=== Available records ===
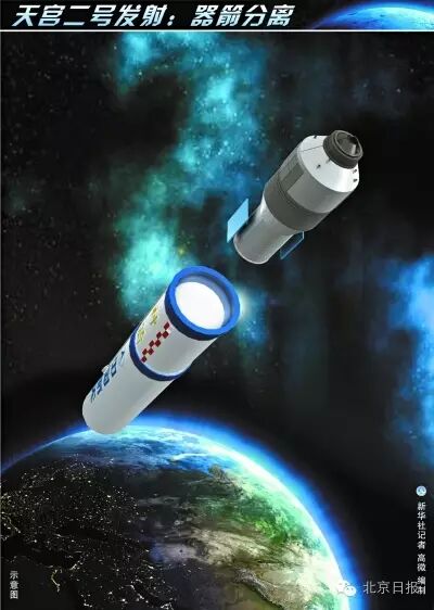 火箭与天宫二号分离,天宫二号进入预定轨道。
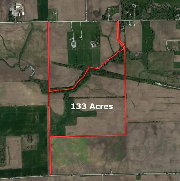 133 Acres with a nice combination of tillable farmland acres and timber/creek acres. The property is grandfathered by Will County for flag lots. The County will allow two building permits on this farm. There are access points on Eagle Lake Road and W. Offner Road. Rolling hills and creek make this an ideal location for family get-a-way, recreational or secluded estate home-site. Good soil PI on the approximately 86 tillable acres.
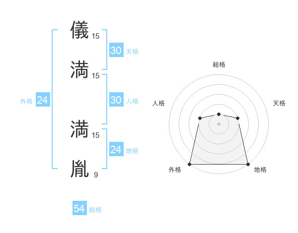儀満 満胤さんの総格は54画の1点!
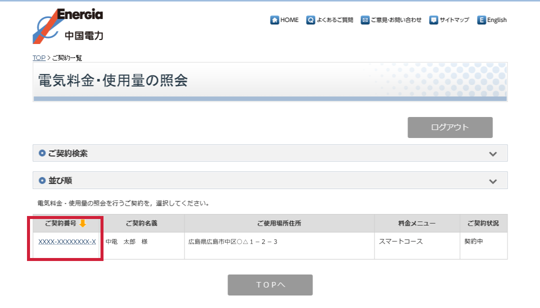 申込フォーム内で、電気のご契約情報(ご契約番号、ご契約種別名、ご契約名義、ご使用場所住所等)のご入力が必要となります。
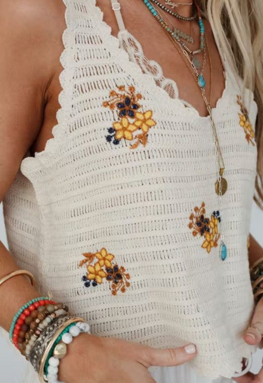 Woven Cotton Eyelet Square Neck Sleeveless Top
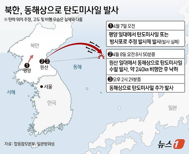 (서울=뉴스1) 윤주희 디자이너 = 합동참모본부(합참)는 이날 오후 2시 29분쯤 "북한이 동해상으로 미상의 탄도미사일을 발사했다"고 공지했다. 이날 오전 8시 50분쯤에도 동해상으로 단거리탄도미사일(SRBM)을 수 발 날린 것에 이어 오후에도 또 한 번 무력 도발을 감행한 것이다. 일각에서 제기되는 '적대적 두 국가론' 완화 기조를 차단하기 위한 의도로 풀이된다.
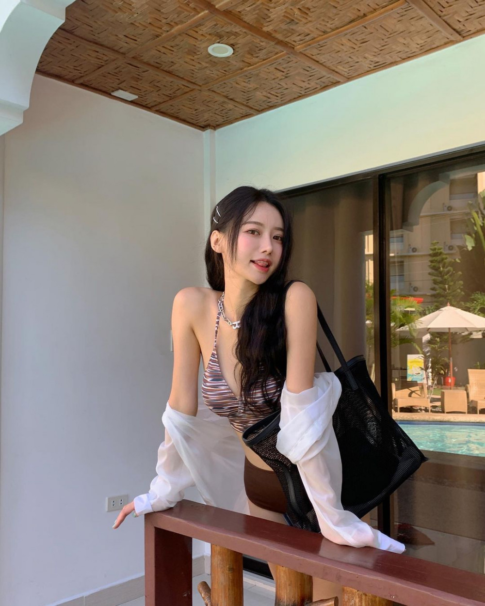 동그란 가슴 아래를 받쳐주는 와이어브라 흰 비키니
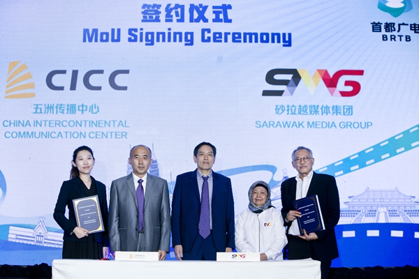 12月5日,由北京市广播电视局主办的“北京大视听之夜暨北京-吉隆坡新视听交流会”在马来西亚吉隆坡举办。在中国驻马来西亚大使馆公使衔参赞陈友良,北京市广播电视局总工程师、二级巡视员秦旭东,砂拉越媒体集团董事长拿督诺雅蒂·莫哈末·依斯迈的共同见证下,五洲传播中心与砂拉越媒体集团就“北京大视听”内容制作和展播展映有关内容签署合作备忘录。双方将加强影视作品合作拍摄,助推更多北京优秀影视内容落地。后续《中国之新》《丝路美食之探寻米踪》《智慧中国:众创时代之科技新北京》《游走中国—千年跨越》等一批精彩影视作品将“京”彩亮相马来西亚。
===
▸ **Work item**
Please retype the records above exactly, but leave out any pictures.

▸ **Solution to the exercise**
 火箭与天宫二号分离,天宫二号进入预定轨道。
 133 Acres with a nice combination of tillable farmland acres and timber/creek acres. The property is grandfathered by Will County for flag lots. The County will allow two building permits on this farm. There are access points on Eagle Lake Road and W. Offner Road. Rolling hills and creek make this an ideal location for family get-a-way, recreational or secluded estate home-site. Good soil PI on the approximately 86 tillable acres.
儀満 満胤さんの総格は54画の1点!
 申込フォーム内で、電気のご契約情報(ご契約番号、ご契約種別名、ご契約名義、ご使用場所住所等)のご入力が必要となります。
 Woven Cotton Eyelet Square Neck Sleeveless Top
 (서울=뉴스1) 윤주희 디자이너 = 합동참모본부(합참)는 이날 오후 2시 29분쯤 "북한이 동해상으로 미상의 탄도미사일을 발사했다"고 공지했다. 이날 오전 8시 50분쯤에도 동해상으로 단거리탄도미사일(SRBM)을 수 발 날린 것에 이어 오후에도 또 한 번 무력 도발을 감행한 것이다. 일각에서 제기되는 '적대적 두 국가론' 완화 기조를 차단하기 위한 의도로 풀이된다.
 동그란 가슴 아래를 받쳐주는 와이어브라 흰 비키니
 12月5日,由北京市广播电视局主办的“北京大视听之夜暨北京-吉隆坡新视听交流会”在马来西亚吉隆坡举办。在中国驻马来西亚大使馆公使衔参赞陈友良,北京市广播电视局总工程师、二级巡视员秦旭东,砂拉越媒体集团董事长拿督诺雅蒂·莫哈末·依斯迈的共同见证下,五洲传播中心与砂拉越媒体集团就“北京大视听”内容制作和展播展映有关内容签署合作备忘录。双方将加强影视作品合作拍摄,助推更多北京优秀影视内容落地。后续《中国之新》《丝路美食之探寻米踪》《智慧中国:众创时代之科技新北京》《游走中国—千年跨越》等一批精彩影视作品将“京”彩亮相马来西亚。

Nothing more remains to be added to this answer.